Former FBI Director James Comey gave his first public testimony before the Senate Intelligence Committee on Thursday, June 8, 2017 during a two and a half-hour open session. Afterward, Lester Holt, Savannah Guthrie and Chuck Todd pointed out some things from their areas of expertise. Guthrie commented from her legal background and Todd spoke from a political point of view.

Comey's demeanor

Viewers with high definition televisions could see every expression on Comey's face because the cameras showed close ups of him during his entire testimony. He appeared tense through some of the questions.

For the most part, senators did not try to put him on the spot -- with the exception of Senator John McCain who showed no mercy. His time ran out while he was still questioning Comey about Hillary Clinton's e-mails. Many people on social media pointed out McCain's confusing questions.


For a lot of the questions, Comey had to say he couldn't answer in the open setting because of the ongoing investigation, and he was testifying as a private citizen. Therefore, he could not respond to questions involving current FBI operations. He was careful not to say anything that would get him into deeper trouble with President Donald Trump and his administration.

Body language experts and linguists watched and listened carefully to what the 56-year-old former Fbi Director had to say.

Even Merriam-Webster Dictionary got in on the act and tweeted out unusual words and expressions that were used. For instance, Comey used the word "Lordy." On another occasion, he used the word "fuzz" that caught people's attention.

Comey spoke about his relationship with Trump and about having one-on-one conversations with him.

He explained the reason he began to document his conversations with the current president and not with previous presidents. He disputed that Trump was justified in firing him last month. He concluded that Trump's administration defamed him and the FBI.

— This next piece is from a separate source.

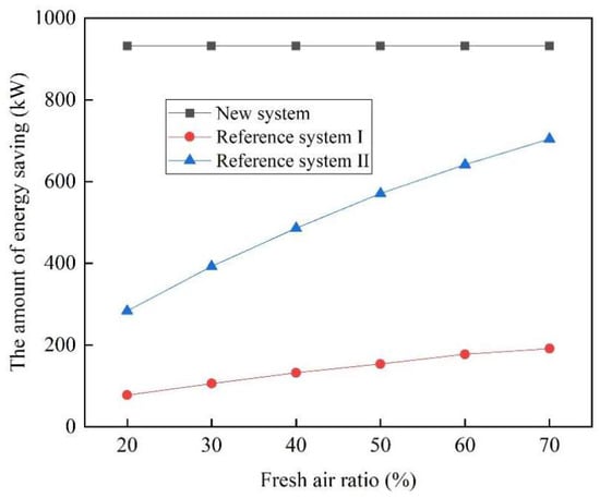 In the new system, the internal heat exchanger can handle all the supply air while the sensible heat exchanger and total heat exchanger can only pre-cool the fresh air. Therefore, the fresh-air volume is one of the main factors affecting the energy-saving effect of the three studied systems. In the above study, the minimum fresh-air volume (the fresh-air ratio is about 20%) based on the number of people in the room is adopted, which leads to the obvious difference in the energy-saving effect between the new system and the two reference systems. With the improvement in the living standards of ordinary people and the COVID-19 pandemic, the fresh-air ratio of the central air-conditioning system is recommended to be increased, and recirculated air is even required to be avoided in enclosed areas []. Predictably, an increase in the fresh-air ratio can narrow the difference in the energy-saving effect of the three studied systems. Figure 17 and Figure 18, respectively, illustrate the energy-saving amounts and rates of the three systems with various fresh-air ratios under specific design conditions shown in Table 3.

The man being questioned received compliments from most of the senators who thanked him for his service to the country.

Even though the session was long, a lot of time was saved because of the written testimony that was submitted on Wednesday. One senator spoke about how well written and concise the document was. Others referred to it often during the testimony.

It is interesting that President Donald Trump didn't tweet the entire time that the father of five was telling his side of the story to the senators. However, Donald Trump Jr. did enough tweeting, and Kellyanne Conway went wild with her tweets on Wednesday before the testimony.